**DIRECTIONS FOR THIS TASK:**
Set down the entries exactly as they appear, apart from the images, which stay out.

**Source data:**
--*--
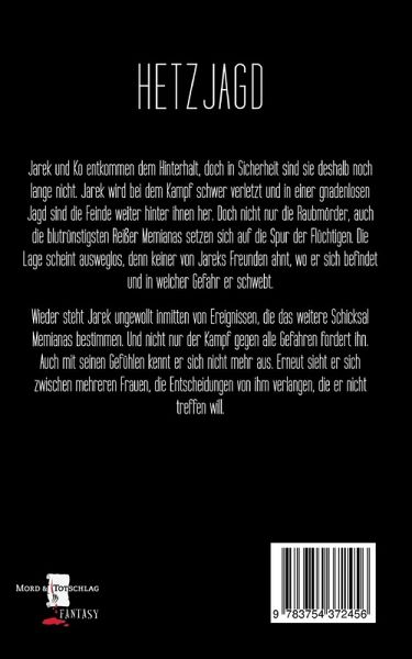 Jarek und Ko entkommen dem Hinterhalt, doch in Sicherheit sind sie deshalb noch lange nicht. Jarek wird bei dem Kampf schwer verletzt und in einer gnadenlosen Jagd sind die Feinde weiter hinter ihnen her. Doch nicht nur die Raubmörder, auch die blutrünstigsten Reißer Memianas setzen sich auf die Spur der Flüchtigen. Die Lage scheint ausweglos, denn keiner von Jareks Freunden ahnt, wo er sich befindet und in welcher Gefahr er schwebt.Wieder steht Jarek ungewollt inmitten von Ereignissen, die das weitere Schicksal Memianas bestimmen. Und nicht nur der Kampf gegen alle Gefahren fordert ihn. Auch mit seinen Gefühlen kennt er sich nicht mehr aus. Erneut sieht er sich zwischen mehreren Frauen, die Entscheidungen von ihm verlangen, die er nicht treffen will.
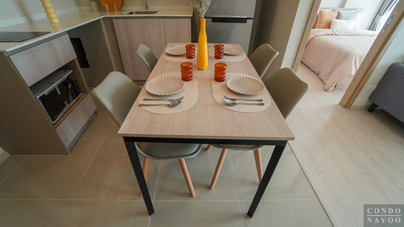 ติดกันจัดเป็นมุมทานอาหาร ได้ชุดโต๊ะทานข้าวขนาด 4 ที่นั่ง พร้อมเก้าอี้ โดยวางมาในระยะใช้งานได้สบาย ๆ
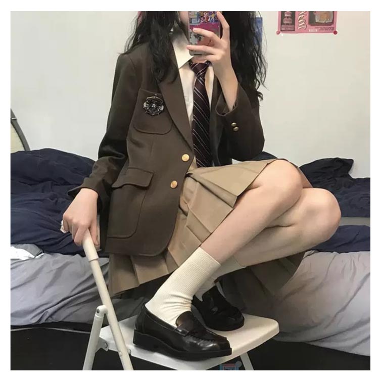 女子 ブラウン 制服 韓国 卒服 スク 学生服 スカート 人気 4点セットブラウン 4点セットブラック S M L XL 2L 3L 4L
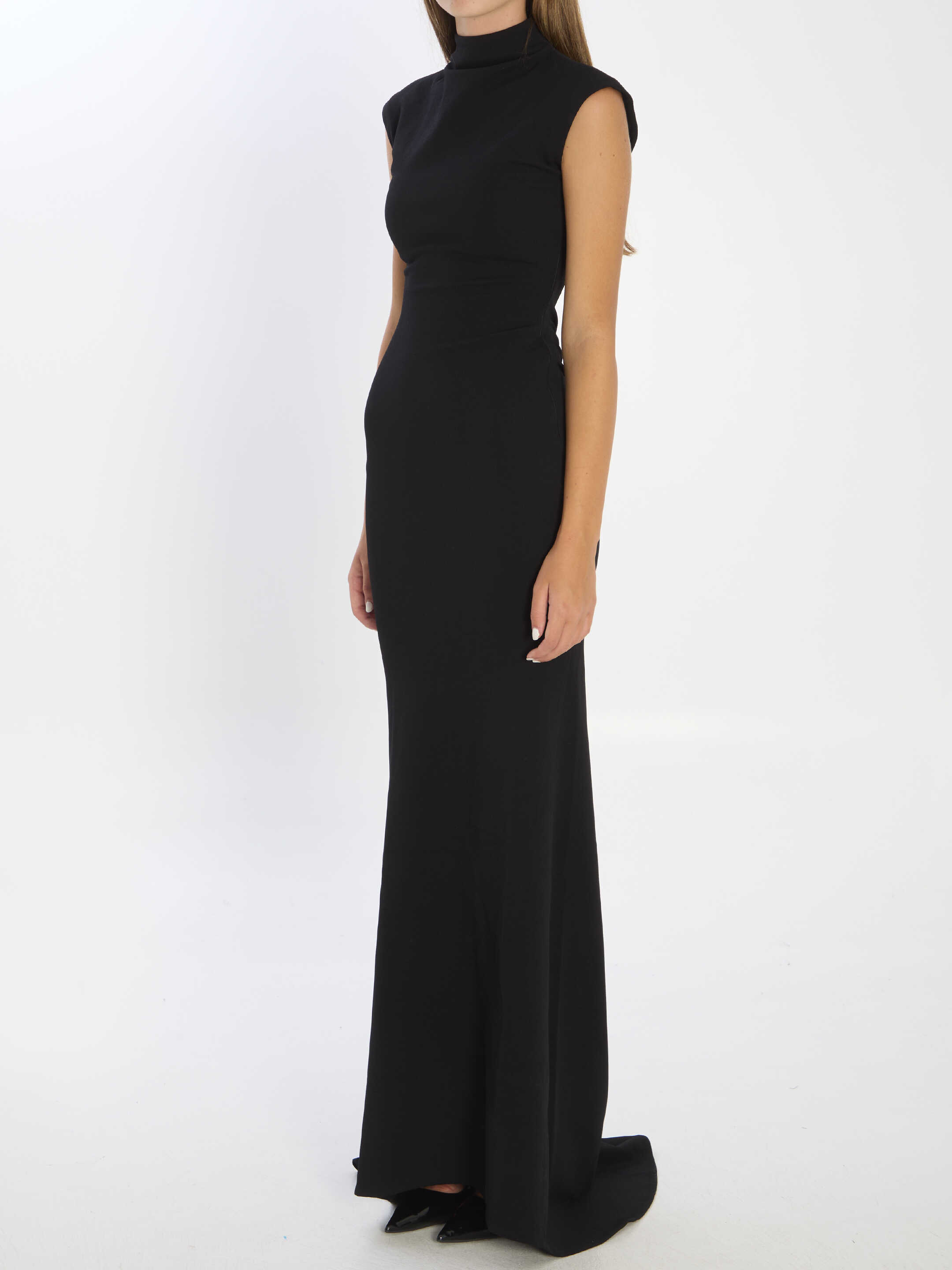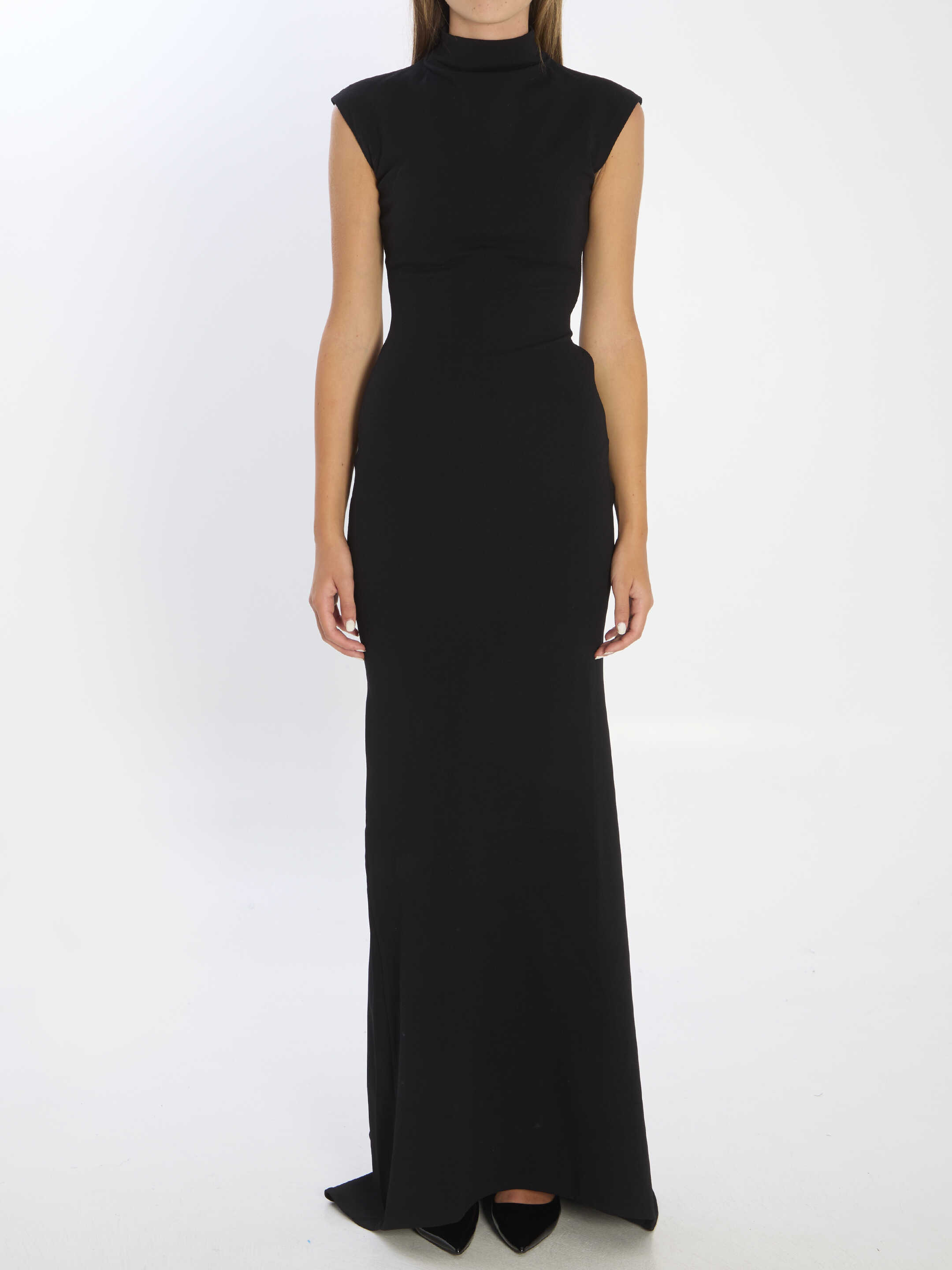 Column dress in compact stretch viscose jersey crepe in black. Features a long, contoured cut, integrated mock neck, cap sleeves, invisible zippers at the back and side, gathered detailing on the back, and a floor-length hem with a small train. Regular fit.
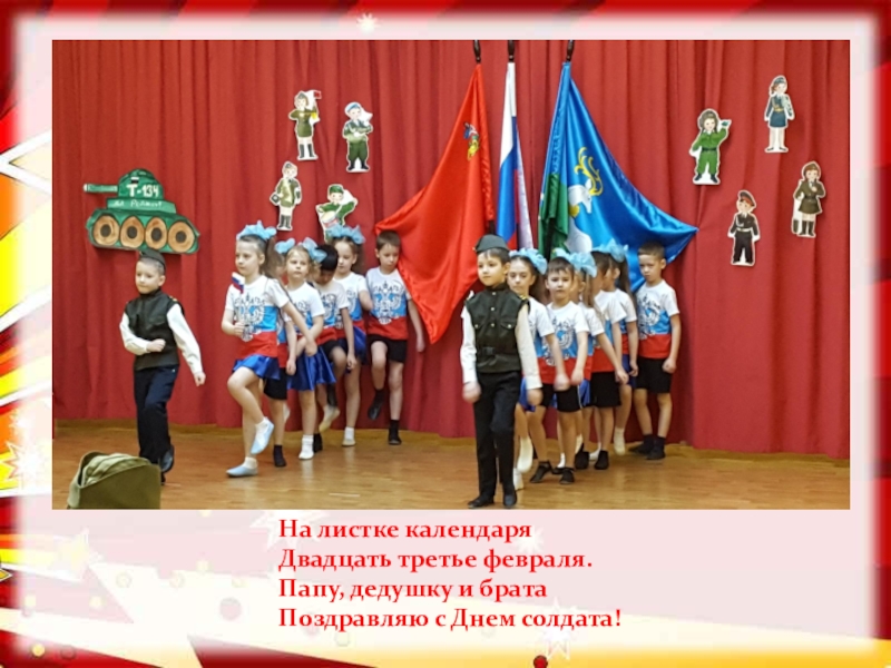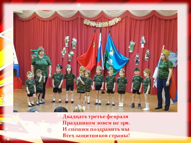Двадцать третье февраля — Праздник замечательный, Всех защитников страны, Поздравим обязательно!
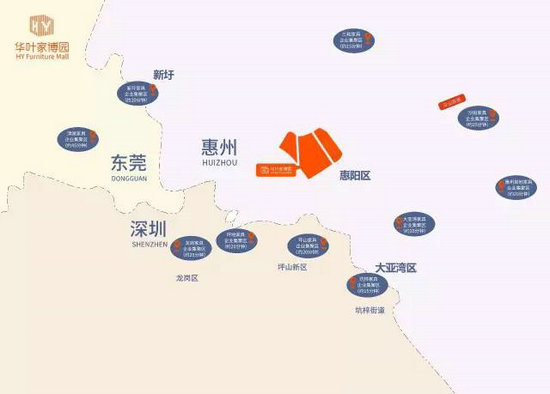 如廣東深惠區(qū)域的家具企業(yè)雖然只有3000多家,但年產(chǎn)值卻高達(dá)2000多個(gè)億,是龍江區(qū)域的十倍,如此巨大的產(chǎn)業(yè)規(guī)模,使得華葉家博園的落成,成為當(dāng)?shù)禺a(chǎn)業(yè)優(yōu)化的關(guān)鍵。華葉家博園距離深圳龍崗、坑梓、坪山、坪地、寶安、東莞沙田、清溪、惠州三和、新圩、大亞灣等家具產(chǎn)業(yè)集聚區(qū)最遠(yuǎn)45分鐘、最短15分鐘車程,對(duì)周邊家具產(chǎn)業(yè)的輻射與集聚效應(yīng)顯著。
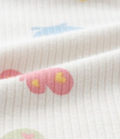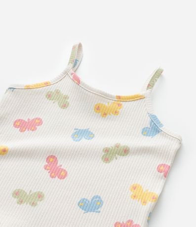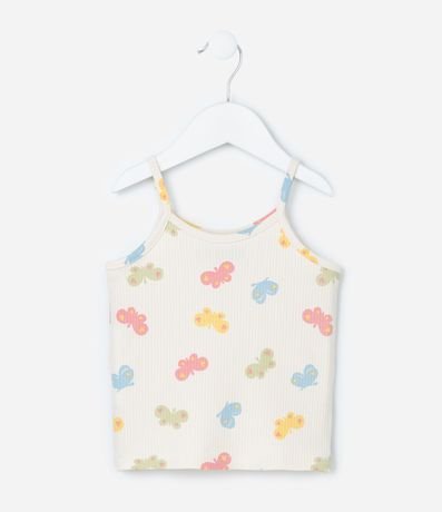 Ref: Regatinha infantil canelada, com alças finas e estampa de borboletinhas. O item é confeccionado com boas práticas ambientais e algodão certificado bci.
--*--
**REPLY TO THE TASK:**
 Jarek und Ko entkommen dem Hinterhalt, doch in Sicherheit sind sie deshalb noch lange nicht. Jarek wird bei dem Kampf schwer verletzt und in einer gnadenlosen Jagd sind die Feinde weiter hinter ihnen her. Doch nicht nur die Raubmörder, auch die blutrünstigsten Reißer Memianas setzen sich auf die Spur der Flüchtigen. Die Lage scheint ausweglos, denn keiner von Jareks Freunden ahnt, wo er sich befindet und in welcher Gefahr er schwebt.Wieder steht Jarek ungewollt inmitten von Ereignissen, die das weitere Schicksal Memianas bestimmen. Und nicht nur der Kampf gegen alle Gefahren fordert ihn. Auch mit seinen Gefühlen kennt er sich nicht mehr aus. Erneut sieht er sich zwischen mehreren Frauen, die Entscheidungen von ihm verlangen, die er nicht treffen will.
 ติดกันจัดเป็นมุมทานอาหาร ได้ชุดโต๊ะทานข้าวขนาด 4 ที่นั่ง พร้อมเก้าอี้ โดยวางมาในระยะใช้งานได้สบาย ๆ
 女子 ブラウン 制服 韓国 卒服 スク 学生服 スカート 人気 4点セットブラウン 4点セットブラック S M L XL 2L 3L 4L
 Column dress in compact stretch viscose jersey crepe in black. Features a long, contoured cut, integrated mock neck, cap sleeves, invisible zippers at the back and side, gathered detailing on the back, and a floor-length hem with a small train. Regular fit.
Двадцать третье февраля — Праздник замечательный, Всех защитников страны, Поздравим обязательно!
 如廣東深惠區(qū)域的家具企業(yè)雖然只有3000多家,但年產(chǎn)值卻高達(dá)2000多個(gè)億,是龍江區(qū)域的十倍,如此巨大的產(chǎn)業(yè)規(guī)模,使得華葉家博園的落成,成為當(dāng)?shù)禺a(chǎn)業(yè)優(yōu)化的關(guān)鍵。華葉家博園距離深圳龍崗、坑梓、坪山、坪地、寶安、東莞沙田、清溪、惠州三和、新圩、大亞灣等家具產(chǎn)業(yè)集聚區(qū)最遠(yuǎn)45分鐘、最短15分鐘車程,對(duì)周邊家具產(chǎn)業(yè)的輻射與集聚效應(yīng)顯著。
 Ref: Regatinha infantil canelada, com alças finas e estampa de borboletinhas. O item é confeccionado com boas práticas ambientais e algodão certificado bci.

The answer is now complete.